Ford v. . Moore

95 S.E. 485 | N.C. | 1918

From a judgment of nonsuit plaintiff appealed. This action is brought to recover $592.99 for money, supplies, and a horse alleged to have been furnished to defendant and his son, John D. Moore. At the close of the evidence, the court, being of opinion that there is no evidence that the credit was extended to defendant, or that he was the original promissor, and the contract not being in writing, sustained a motion to nonsuit.

There is evidence that in the beginning of the year 1914 this defendant went to plaintiff, a merchant engaged in the mercantile and livestock business, and made a contract with plaintiff for advances (261) for himself and his son, John Moore; that defendant obtained $34 in cash at once to pay his son's account at McKennis'; that he purchased a horse for him, and that plaintiff advanced during the year to the son feed supplies and some money with which to make a crop.

There is evidence that at the time of the arrangement defendant told plaintiff that he did not wish his son to know that he was helping him. For the protection of defendant, the plaintiff caused the son to execute a crop lien and chattel mortgage. The advances were charged on the books to the defendant, DeWitt Moore and John D. Moore.

We are of opinion that the court erred in sustaining the motion to nonsuit.

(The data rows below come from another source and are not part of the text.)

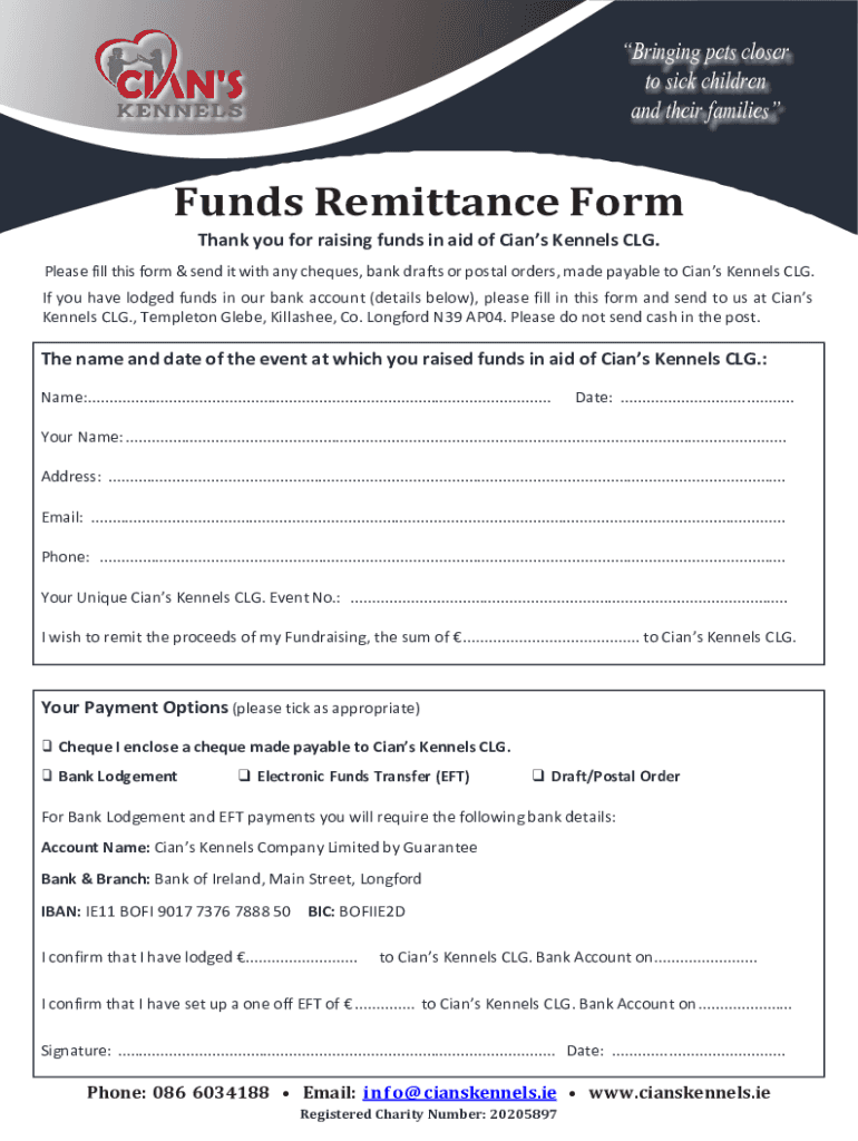Bringing pets closer to sick children and their familiesFunds Remittance Form Thank you for raising funds in aid of Clans Kennels CLG. Please fill this form & send it with any checks, bank drafts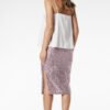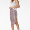 Evening sequin pencil midi skirt. The sequin pencil midi skirt from the Polish brand Awama is the quintessence of elegance and style. Ideal for special occasions such as weddings, parties or dinners. The skirt made of sequin fabric beautifully reflects light, adding shine to any outfit. The pencil cut accentuates the silhouette, and the elastic waistband ensures a perfect fit and comfort. Side slits introduce a sensual accent, and the lining guarantees comfort. It pairs perfectly with a satin blouse or top, creating an elegant look for any celebration.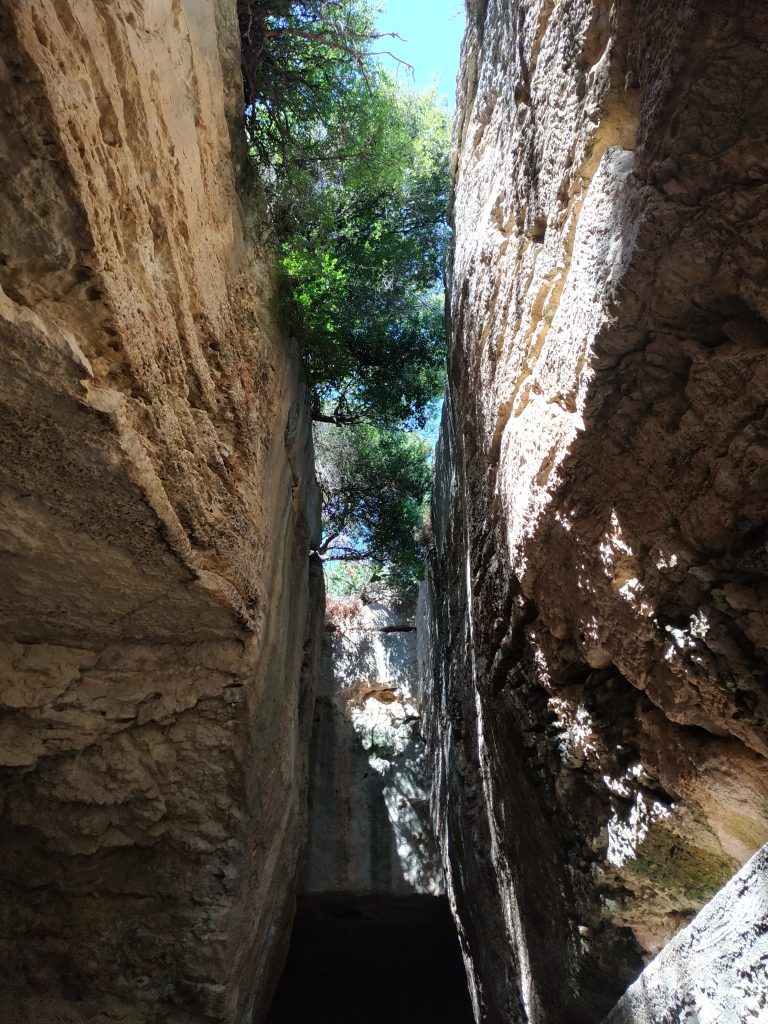 Après un petit quart d’heure, le sentier s’enfonce tout à coup dans la roche…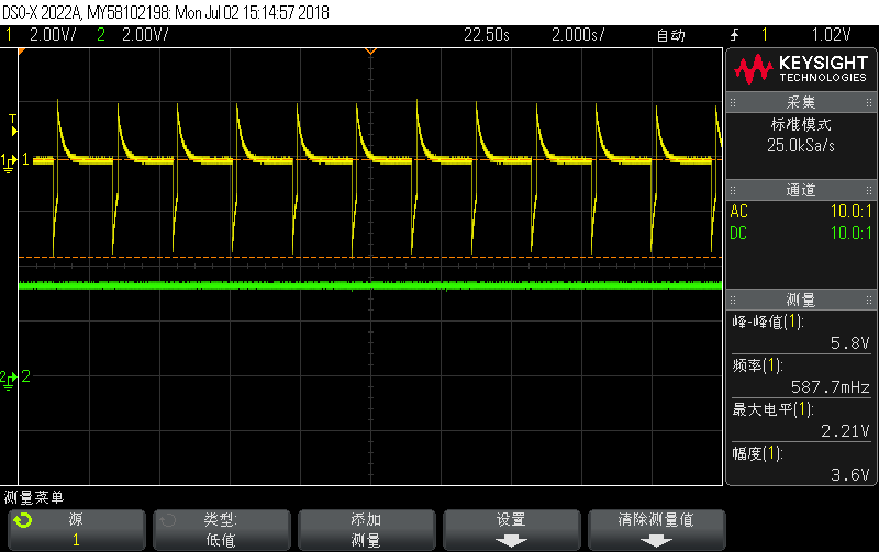 示波器测得状态引脚波形如下(STAT1:CH1, STAT2: CH2):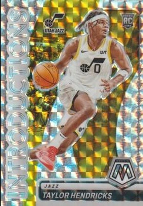 The Taylor Hendricks 2023 Mosaic #11 Introductions - Mosaic Rookie card is 1 of 94 Taylor Hendricks' card variations in the 2023 Mosaic set being tracked by Sports Card Investor, including Base, NBA Debut, Fast Break, Green, and Green Ice.

There is abundant evidence to go to the jury that the promise of defendant was made before the debt was created; that the credit was extended solely to him, and that if any credit was extended to the son it was in the capacity of a joint principal with his father. Morrison v.Baker, 81 N.C. 81; Sheppard v. Newton, 139 N.C. 536. *279

It is immaterial that the account was charged on the books against both father and son, if the credit was extended to the former. The obligation of the promissor is binding if made at the time or before the debt is contracted when the credit is extended to him or to both him and his codebtor. Peele v. Powell, 156 N.C. 553; Worthington v. Frizelle Joly,93 S.E. 776.

Reversed.

Cited: Balentine v. Gill, 218 N.C. 499; Rubber Corporation v. Bowen,237 N.C. 427.